Focus on Building Resilience To Better Manage Change

Stephan Miller Headshot
Written by:
Stephan Miller

Published
8 min read
Header image for the blog article "Focus on Building Resilience To Better Manage Change"

Change is difficult, but there are ways to make it easier to overcome.

In a world where change is the only constant, the task of steering a team or business through new territories is an ongoing challenge. New technologies, shifting consumer preferences, and global events beyond our control can create an environment where keeping your team engaged, productive, and resilient is no easy feat.

As an HR professional or manager at a small to midsize business, you likely feel the strain of change fatigue on your workforce. Your employees may express frustration or cynicism about the latest new innovation. Productivity and morale may suffer as employees feel they can barely keep up. This change fatigue can take a toll on both employee well-being and your organization's bottom line.

The good news is that with the right focus and strategies, you can curb change fatigue and build your team's resilience in the face of constant change. Those strategies begin with fostering open communication and psychological safety, boosting individual self-efficacy and change readiness, and equipping your team with the mindset and tools to thrive through disruption.

What is team resilience in the workplace?

Team resilience refers to the collective ability of a team to adapt, bounce back, and grow stronger in the face of challenges, setbacks, and change. A resilient team possesses the capacity to navigate uncertainties, embrace change, and maintain high levels of performance and well-being. It goes beyond surviving change; it's about thriving and seizing opportunities even in the midst of adversity.
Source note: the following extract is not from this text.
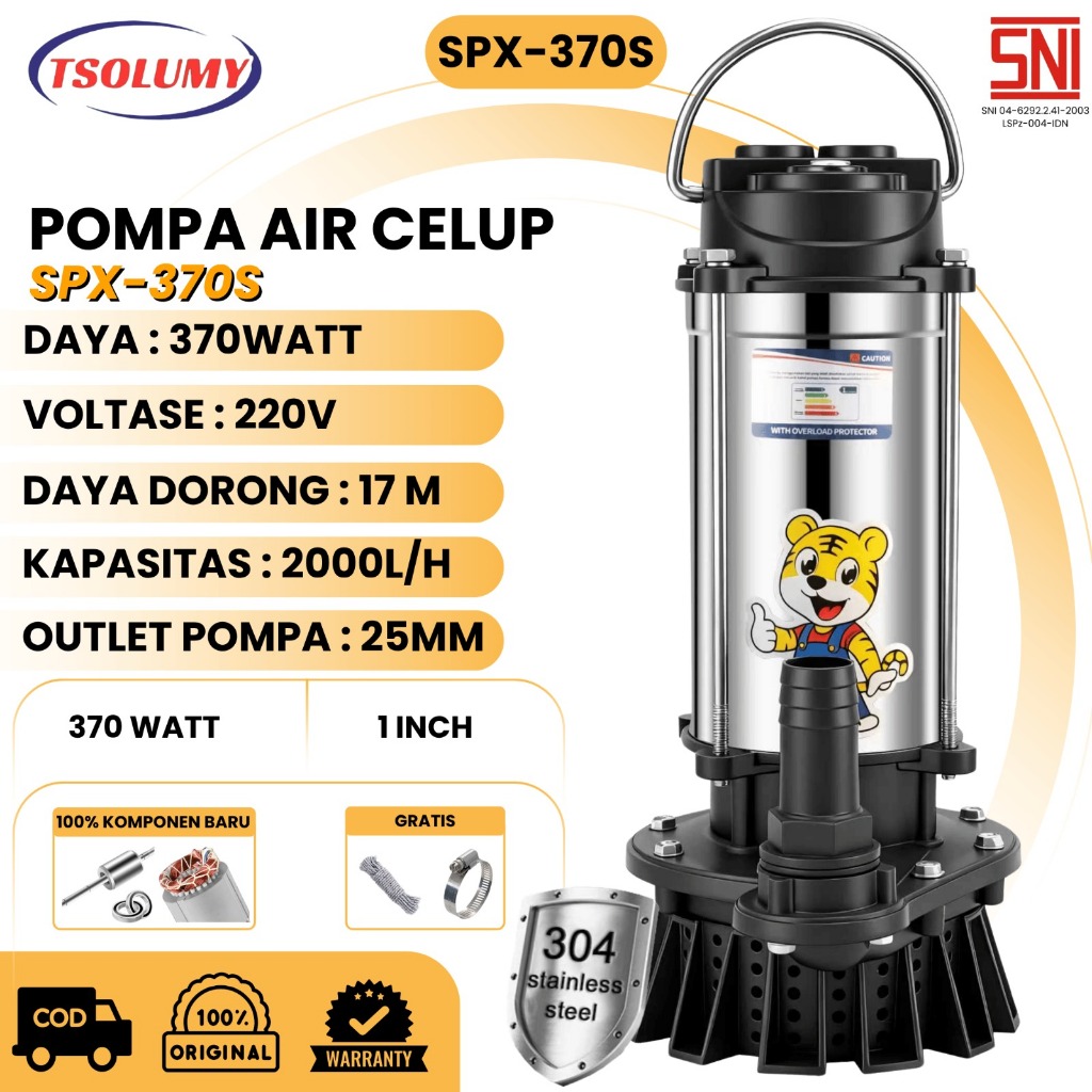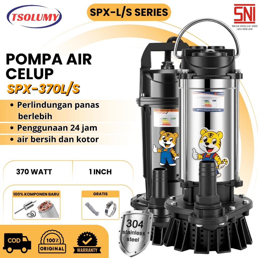 Tsolumy SPX-370L/S Pompa Air Bersih Keruh 370W 220V Outlet 25mm Submersible Pompa Taman Pompa Kolam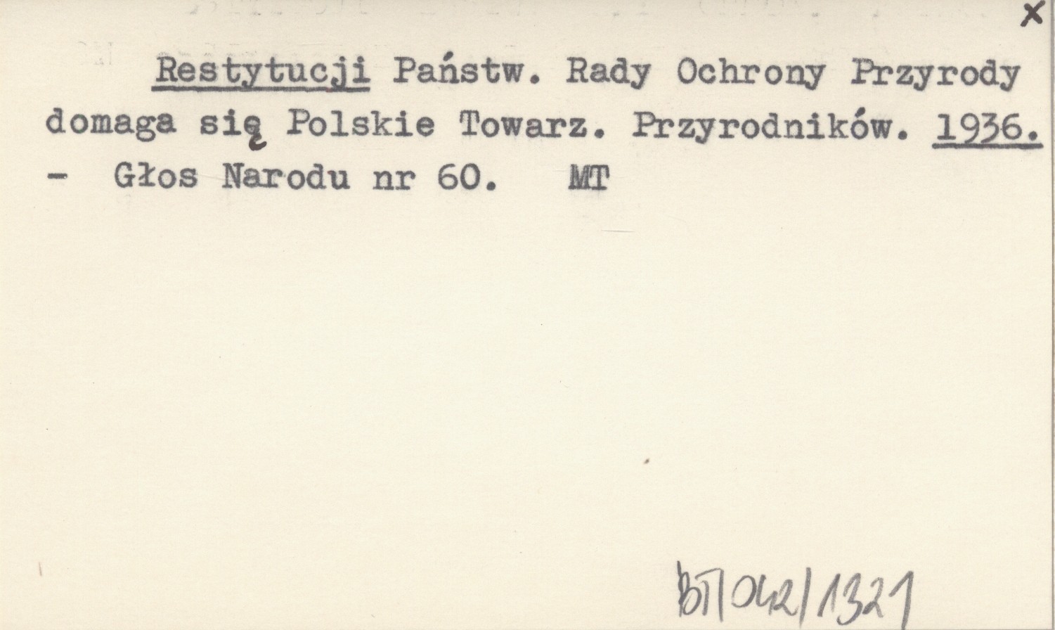Restytucji Państw. Rady Ochrony Przyrody domaga się Polskie Towarz. Przyrodników. 1936

The reality is that SMBs often face unique challenges, yet they tend to have more limited resources than large enterprises which makes it harder to absorb losses in productivity or morale when disruptive changes arise. At the same time, SMBs need to remain agile and flexible to stay competitive. Fostering resilience equips teams to roll with the punches and even capitalize on change, rather than being dragged down by it.

By cultivating team resilience, you can equip your organization to tackle these challenges head-on. Resilient teams are better prepared to handle unexpected disruptions, adapt to new market demands, and maintain a positive and productive work environment. This, in turn, leads to increased employee engagement, improved retention rates, and better business outcomes.

How to increase your team’s resilience

By improving change awareness, self-efficacy, and psychological safety, you can equip your team to adapt through disruptions without losing momentum. This resilience minimizes the drag that unwelcome or poorly managed change can have on engagement, productivity, and innovation.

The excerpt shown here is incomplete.